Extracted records
────────────────

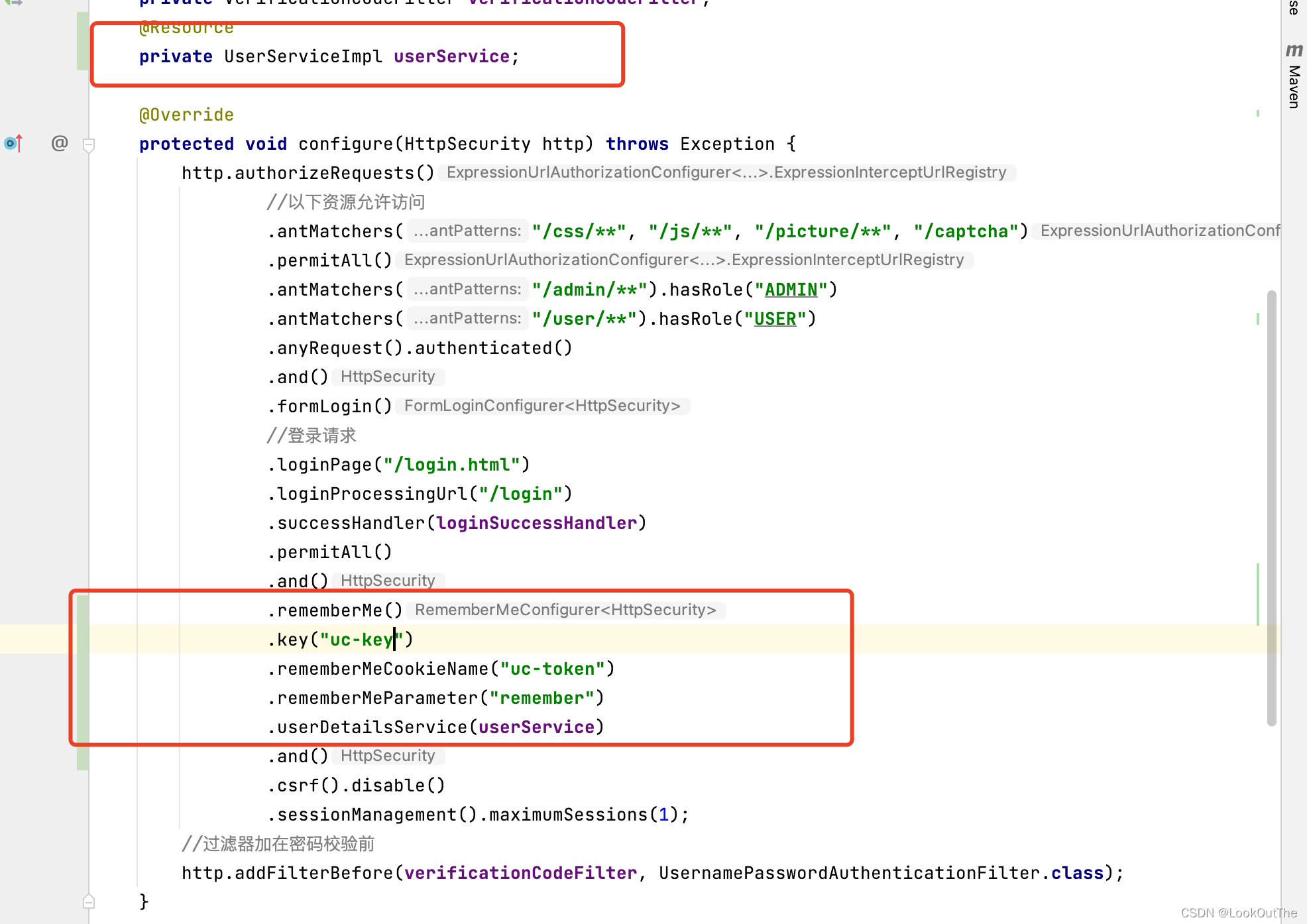3、key是一个散列盐值,没有指定的时候是一个随机的UUID字符串,这样每次启动服务,或者部署多台机器都会导致自动登录使用的cookie失效。所以直接指定一个固定的。
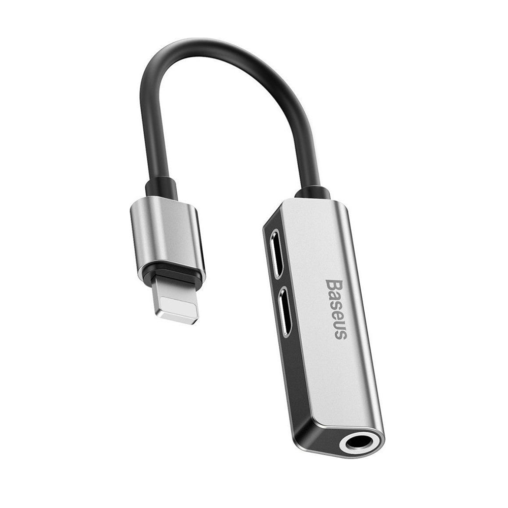 Baseus Converter L52 3-in-1 Lightning Male to Dual Lightning + 3.5mm Female Silver/Black (CALL52-S1) (BASCALL52-S1)
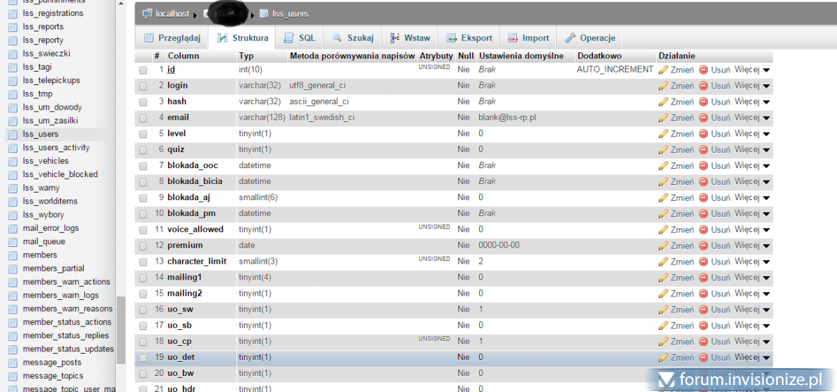No właśnie nw za bardzo gdzie może być błąd, chce aby przy rejestracji na forum pobierało od razu email z members do lss_users (email) tak jak wygląda struktura lss_users
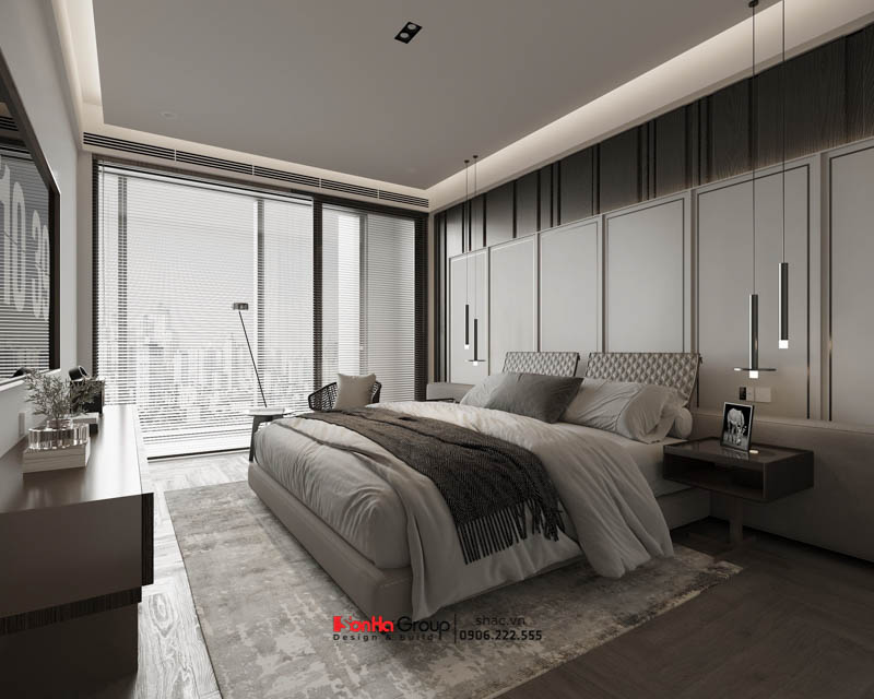 Tùy theo nhu cầu của gia chủ, các phòng ngủ phụ có thể được thiết kế theo phong cách hiện đại tối giản.
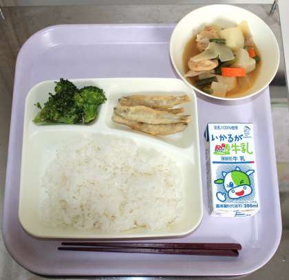 2月14日(金) 給食の献立は、一口がんもとじゃがいもの煮もの、きびなごのてんぷら、ブロッコリーのごまあえ、ごはん、牛乳でした。
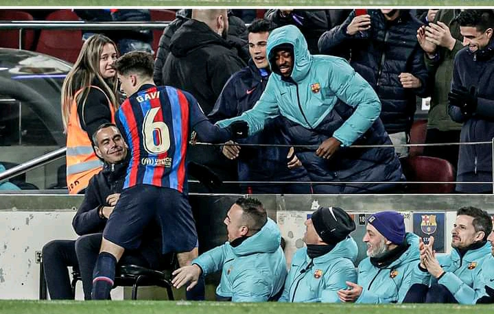 Gavi ran to the stands to celebrate his goal with an injured Ousmane Dembele after scoring Barcelona's second goal against Sevilla.
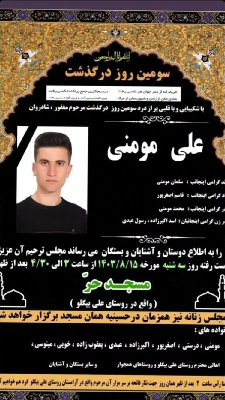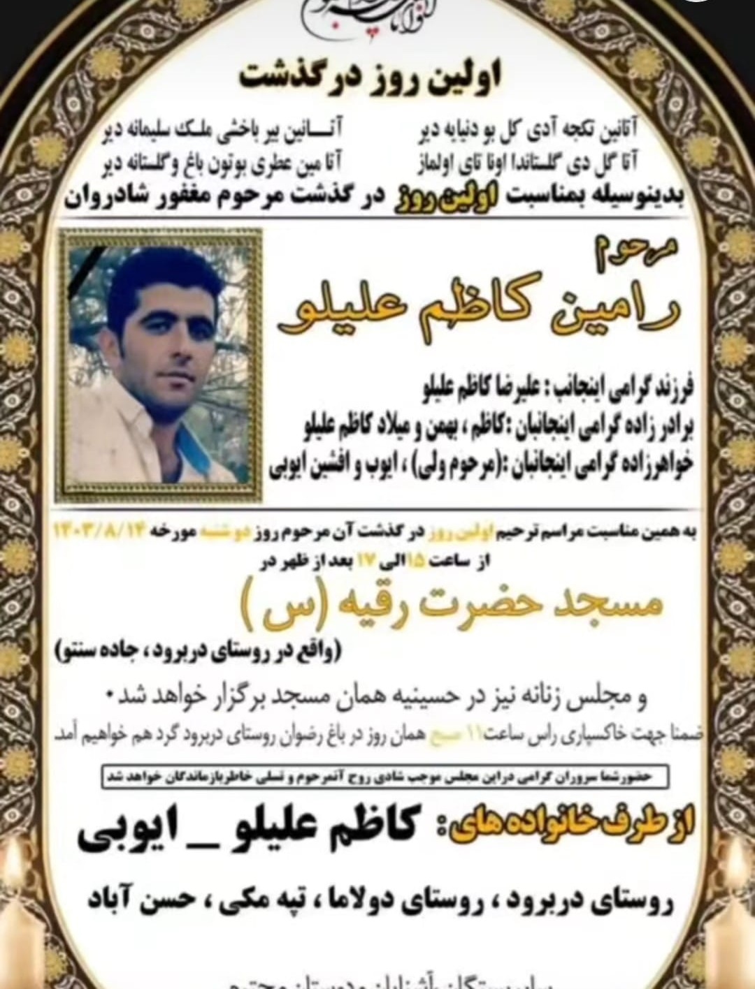 نصویر زیر آگهی ترحیم رامین کاظمعلیلو است:
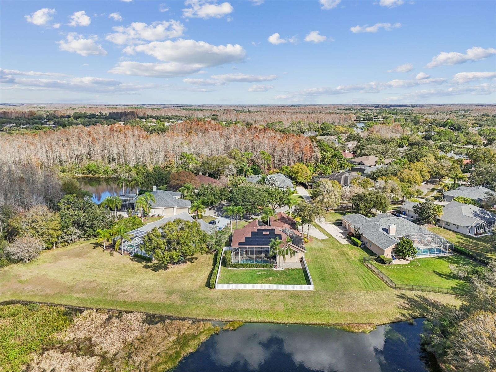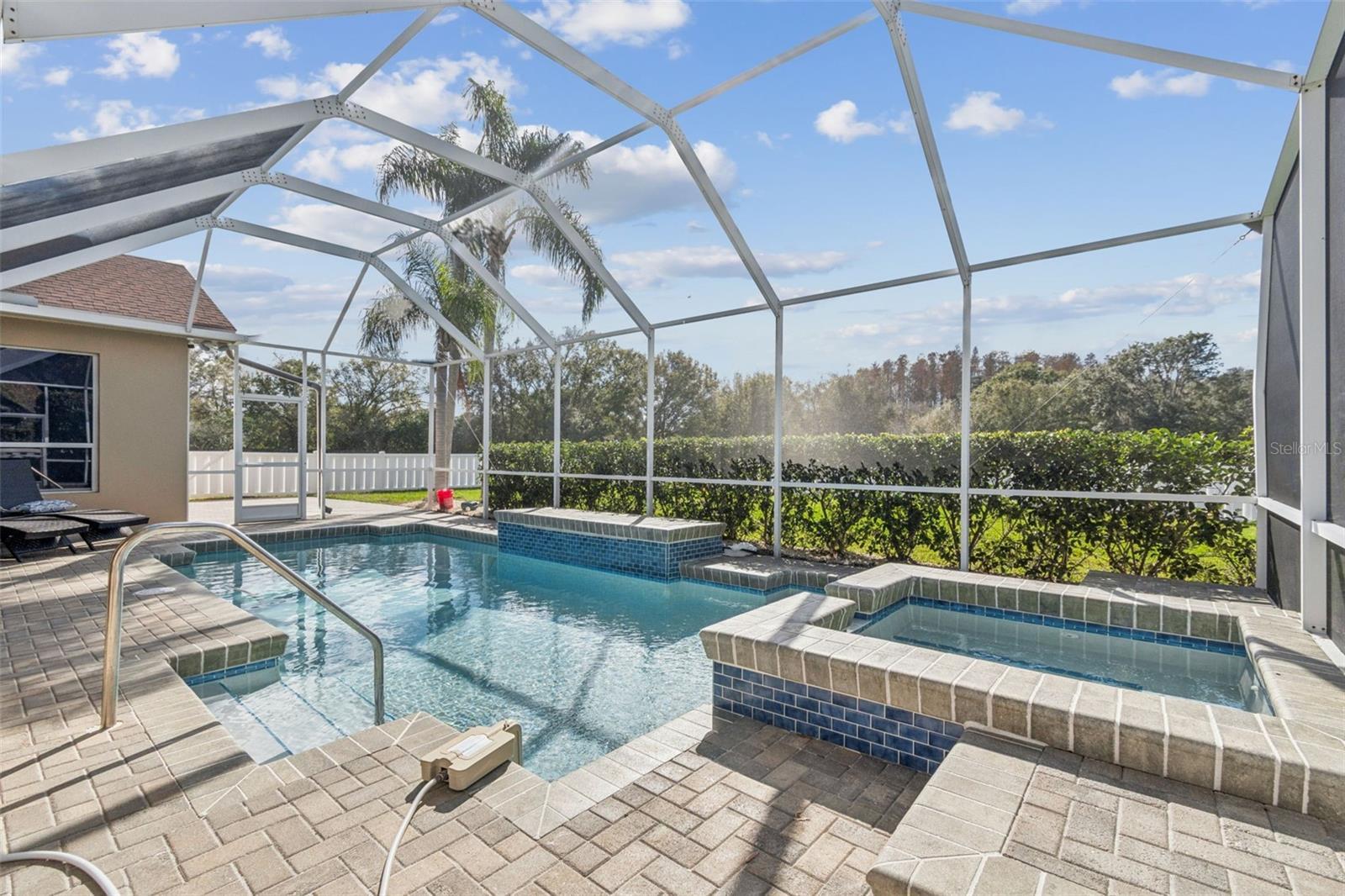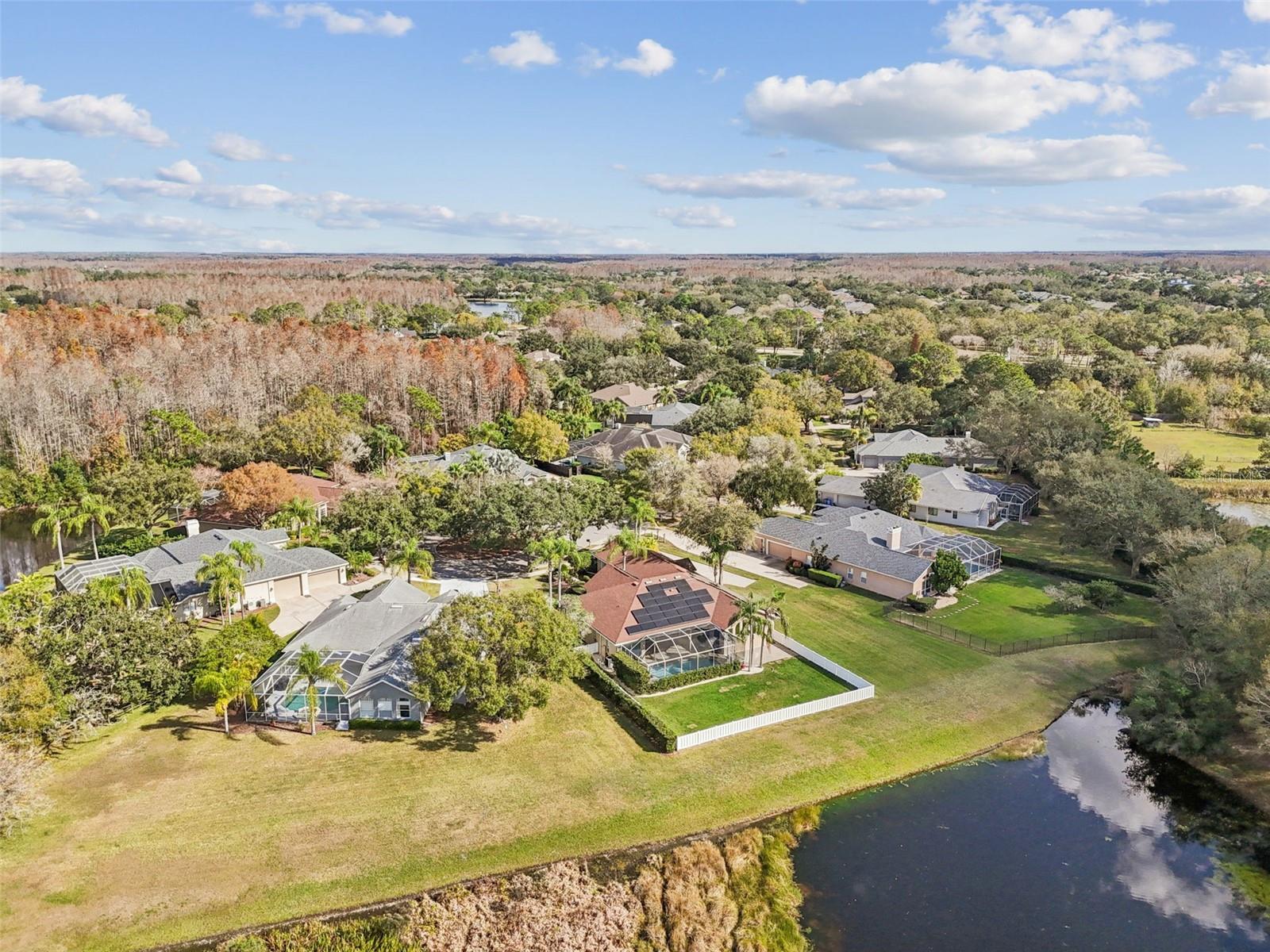 Under contract-accepting backup offers. One or more photo(s) has been virtually staged. Welcome to this stunning executive pool home located in the highly sought-after community of Villarosa, where luxury living meets modern convenience. Situated on nearly half an acre with tranquil pond and conservation views, this expansive 4-bedroom home with office and flex/bonus room, 3 bathrooms, and an oversized 3-car garage is tucked away on a quiet, tree-lined cul-de-sac within the exclusive, gated village of Faberge—a rare collection of just 27 homes, all on approximately half-acre homesites. A beautifully landscaped courtyard leads you to elegant French doors that open into a grand interior featuring soaring coffered ceilings in the formal living and dining rooms. Luxury plank vinyl flooring throughout the home offers both sophistication and durability. At the front of the home, a dedicated executive office with custom desk and shelving provides a polished and private workspace. The owner’s suite is a sanctuary of comfort and style, featuring dual custom walk-in closets and a spa-inspired en-suite bath complete with a deep soaking tub, separate vanities, and refined finishes—your personal retreat at the end of the day. At the heart of the home lies an impressive chef’s kitchen overlooking the expansive family room. Designed for both beauty and performance, the kitchen boasts a large center island, granite countertops, stainless steel appliances, and an inviting eat-in area. A beautifully designed wall of windows fills the adjacent family room with natural light and showcase tranquil views of the outdoor setting. The home’s split-bedroom design offers three additional generously sized bedrooms, one with direct access to a full bath—ideal for guests or multigenerational living. Each bedroom is enhanced with custom closet systems, adding both luxury and organization. Adding even more versatility is a flex/bonus room off the garage, ideal for a game room, media room, home gym, or play space. Step outside to your own private outdoor oasis featuring a sparkling heated pool with spa, a massive fully fenced backyard, and peaceful pond and conservation views. An additional patio area is perfect for relaxing evenings, entertaining guests, or gathering around a firepit. Car enthusiasts and hobbyists will appreciate the oversized, temperature controlled 3-car garage, complete with an EV charging station. Fully owned solar panels, to be paid off by the seller at closing, provide enhanced energy efficiency and reduced utility costs. Recent updates include interior and exterior paint (December 2025), new HVAC (2024), newer water heater, pool resurfacing (2024), and a new fence. Residents of Villarosa enjoy community amenities such as playgrounds, tennis courts, scenic waterfront areas, and open green spaces. This home is located in the highly sought-after A-rated school district of McKitrick Elementary, Martinez Middle, and Steinbrenner High School, all within walking distance. Convenient access to shopping, dining, and major highways makes commuting a breeze. This exceptional home truly has it all—schedule your private showing today and experience Florida living at its finest!

────────────────

Work item
Leave out the pictures and restate, word for word, the lines from the top of the data through the line containing "Baseus Converter L52", both included.

Your response
3、key是一个散列盐值,没有指定的时候是一个随机的UUID字符串,这样每次启动服务,或者部署多台机器都会导致自动登录使用的cookie失效。所以直接指定一个固定的。
 Baseus Converter L52 3-in-1 Lightning Male to Dual Lightning + 3.5mm Female Silver/Black (CALL52-S1) (BASCALL52-S1)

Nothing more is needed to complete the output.